Me suele gustar mucho lo que escribe Sandra Santana (pero no compartao el interés por Karl Kraus...;-)... aquí me parece sobre todo interesante el juego de implicaciones que nace del polisemico "dejar caer" (fallen lasse, aber auch beiläufig erwähnen)

Sehr schöner Text el de Carlos Pardo.

acriflor disse...

Hola Ricardo! Te vi en Soledades, y me gustó muchísimo lo que hiciste, es genial. No conocía tu trabajo, me sorprendiste mucho, estoy encantada de haberte conocido. Además me viene genial leerte, el año que viene me voy a vivir a Lisboa.

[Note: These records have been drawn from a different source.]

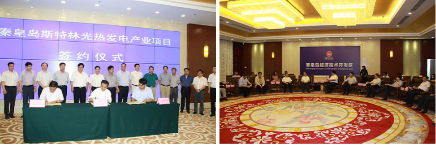 8月12日,秦皇岛森源投资集团、秦皇岛经济技术开发区、北京大学数字中国研究院、三方签署投资合作协议,斯特林光热发电产业项目正式落户秦皇岛开发区。市领导张瑞书、杨长新、张锋等出席项目签约仪式。项目总投资约12.5亿元,建设周期3至5年,建筑面积约10万平方米,主要建设发动机总装生产线、发动机测试生产线和发动机关键零部件生产线。项目达产后,年可实现产值45亿元、税收4亿元。
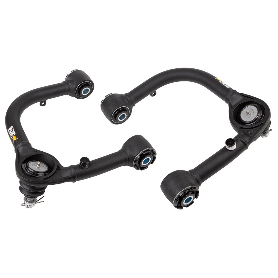 Upper Control ArmsAvailable for a range of popular 4WDs to ensure correct alignment of the front suspension and cater for the geometry change when an IFS vehicle is fitted and lifted with a suspension kit, Old Man Emu Front Upper Control arms have been engineered for use with Old Man Emu Suspension & GVM upgrades and include a forged ball joint housing, free pivoting grease and maintenance-free GIIRO bushings.When an Independent Front Suspension (IFS) vehicle is fitted with a suspension lift, the caster and camber can be pushed outside the factory specifications. IFS vehicles generally have a few degrees of adjustment in their camber and caster from the factory.
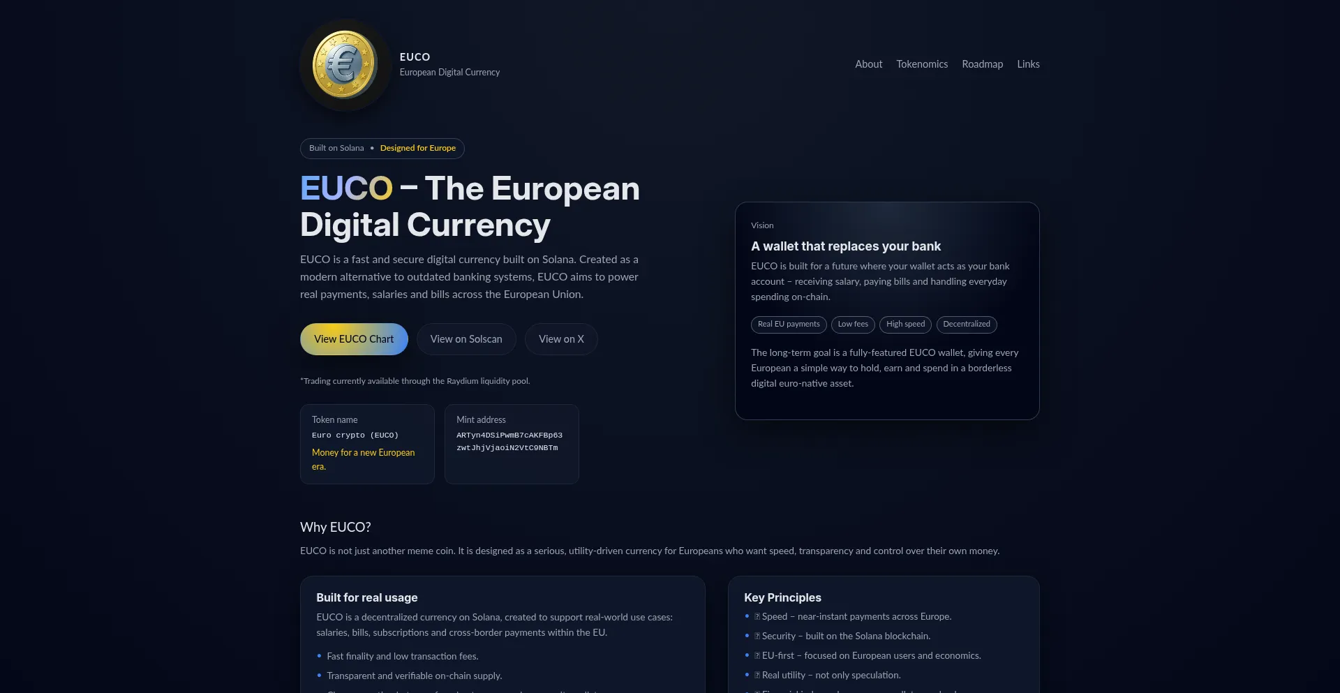 EUCO is Europe’s financial uprising — a Solana-powered digital currency built for real payments, fast transfers and a future where your wallet replaces your bank
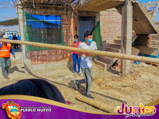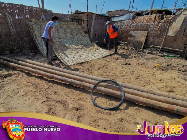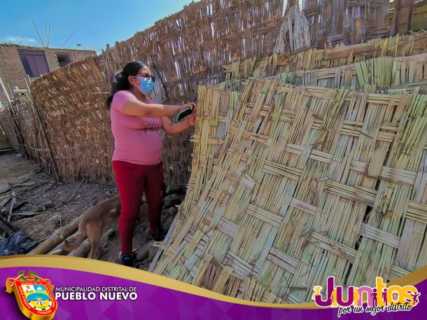 La entrega de la donación estuvo a cargo de la regidora Nidia Pérez Goitia en representación de la alcaldesa Bertha Peña Ormeño, recibiendo el propietario de la vivienda, Roy Lozano Palomino, esteras, palos de guayaquil y alambres para que pueda nuevamente construir el ambiente afectado sin ninguna preocupación de mayores gastos.
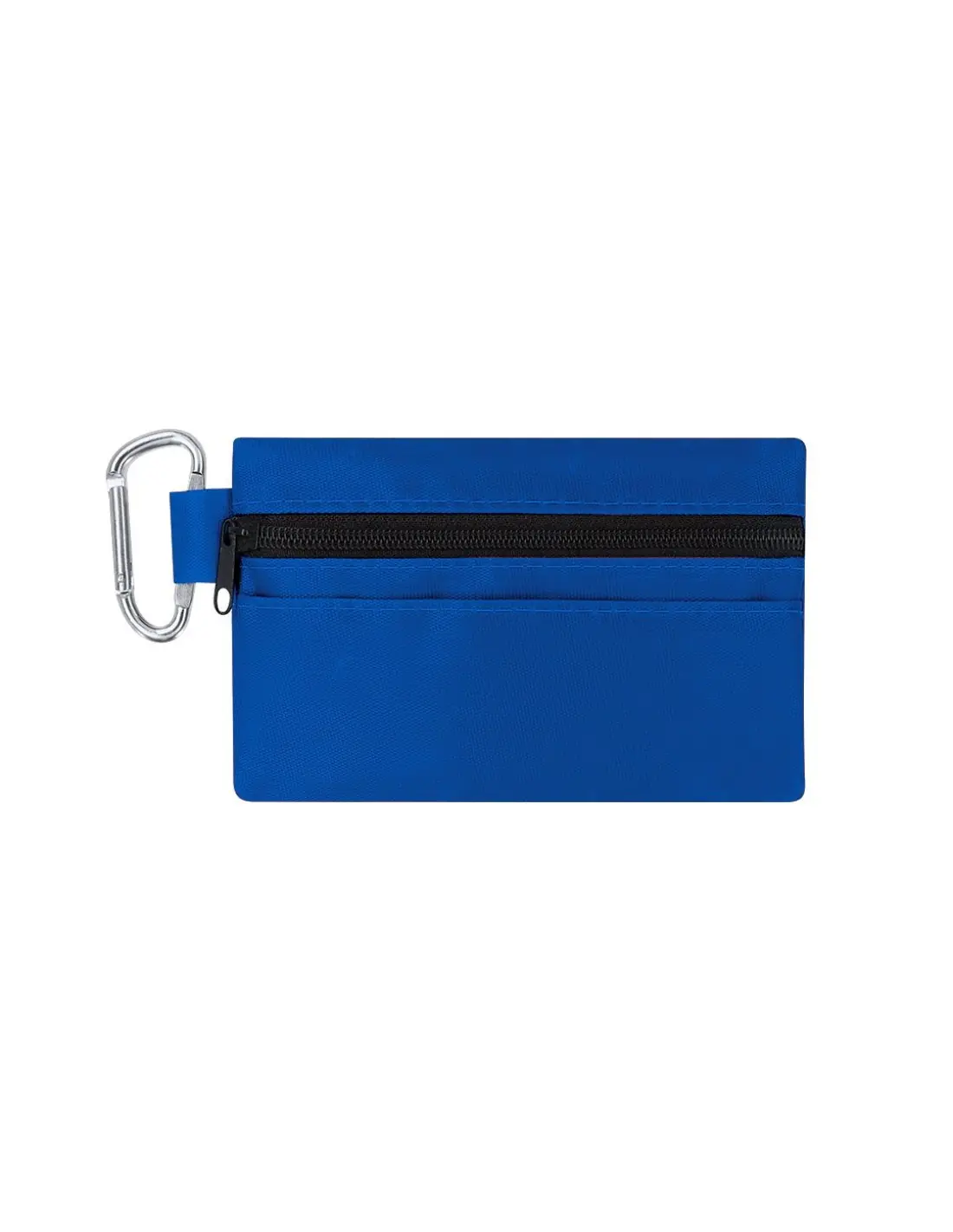 Kit de emergencia de 14 accesorios en resistente estuche de poliéster 600D, con cierre de cremallera, bolsillo frontal y mosquetón metálico. Incluye vendas, toallitas, toallas con alcohol y toallita alivia picaduras.
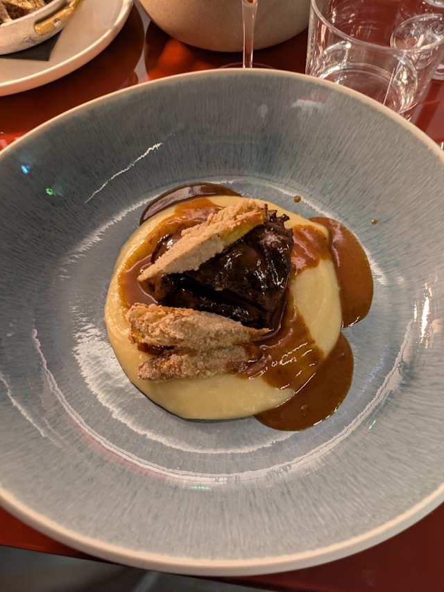 - Ravioli di burrata, burro ai crostacei aromatizzato agli agrumi e pesto di pistacchio

Un placer; María.

Ricardo Domeneck disse...

Querida Anónima,
el poema de Sandra Santana tiene mismo implicaciones muy interesantes, es muy subtil y intelgente. Me encanta que te guste.

Querida María,
que bueno saber que la performance en Córdoba te interesó a punto que me busques en la Red. Gracias por estar ahí. No conozco Lisboa todavía, pero estoy invitado a hacer una performance en Lisboa el 22 de septiembre. abrazo,

Ricardo

acriflor disse...

Pues para el 22 de septiembre espero estar instalada allí; asi que espero poder verte en Lisboa. Un beso.